Cobb’s other interesting group is the National Society of Women Descendants of the
Ancient and Honorable Artillery Company of Massachusetts. This organization is open to “lineal descendants of the 24 Founders of 1637 and for all members of the Ancient and Honorable Artillery Company between 1638-1774, for lineal descendants of the General court of Massachusetts Bay when the Charter was granted in 1638, namely, the Governor, the Governor's Council and for the Deputies to the General Court of 1638.”
Amanda Cowan is a member of several organizations. Her first was DAR. Today, she belongs to nine groups, including US Daughters of 1812, Daughters of the American Colonists, Daughters of Colonial Wars, and other similar organizations.

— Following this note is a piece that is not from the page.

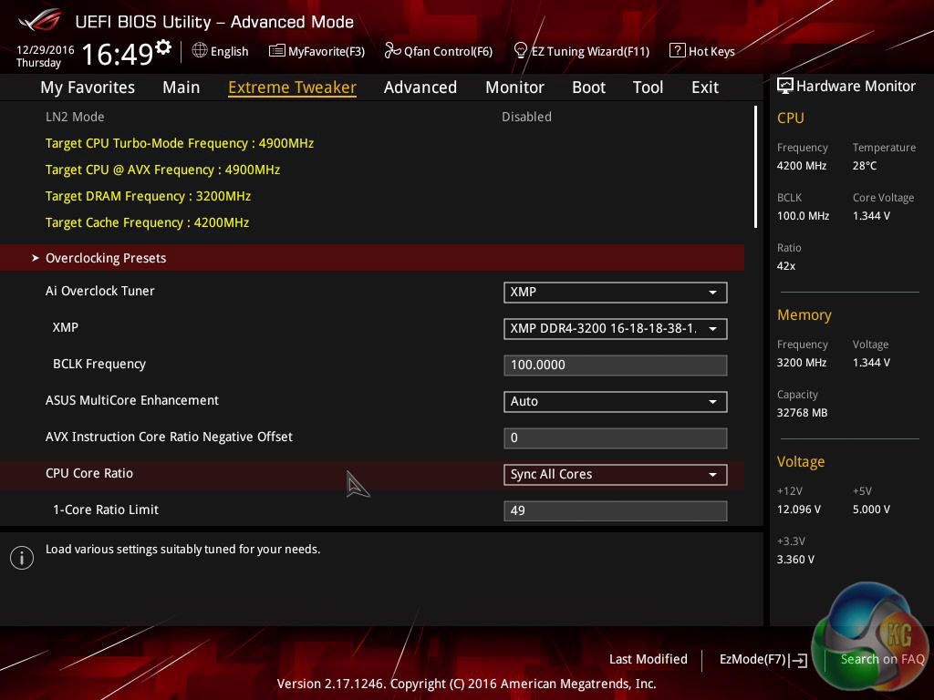 Extreme Tweaker is the UEFI tab which contains the vast majority of performance tuning settings pertaining to the CPU and DRAM. There are additional performance and compatibility parameters to be found under the Advanced section should the need arise.

But Cowan also belongs to the Guild of Colonial Artisans and Tradesmen. The organization’s website states its purpose is to “recognize and honor our Colonial Ancestors who, through their efforts as skilled craftsmen, tradesmen, and talented artisans, were involved in the formation of the American Colonies from the founding of Jamestown, 13 May 1607, to the Treaty of Paris, 03 September 1783.”
The lesson for genealogists is to be open to new discoveries and not to discount any piece of information about an ancestor. Even a small clue can lead to qualifying for an organization to honor an ancestor.
There are several websites that have lists of lineage societies, including The Hereditary Society Community of the United States of America and Cyndi’s List.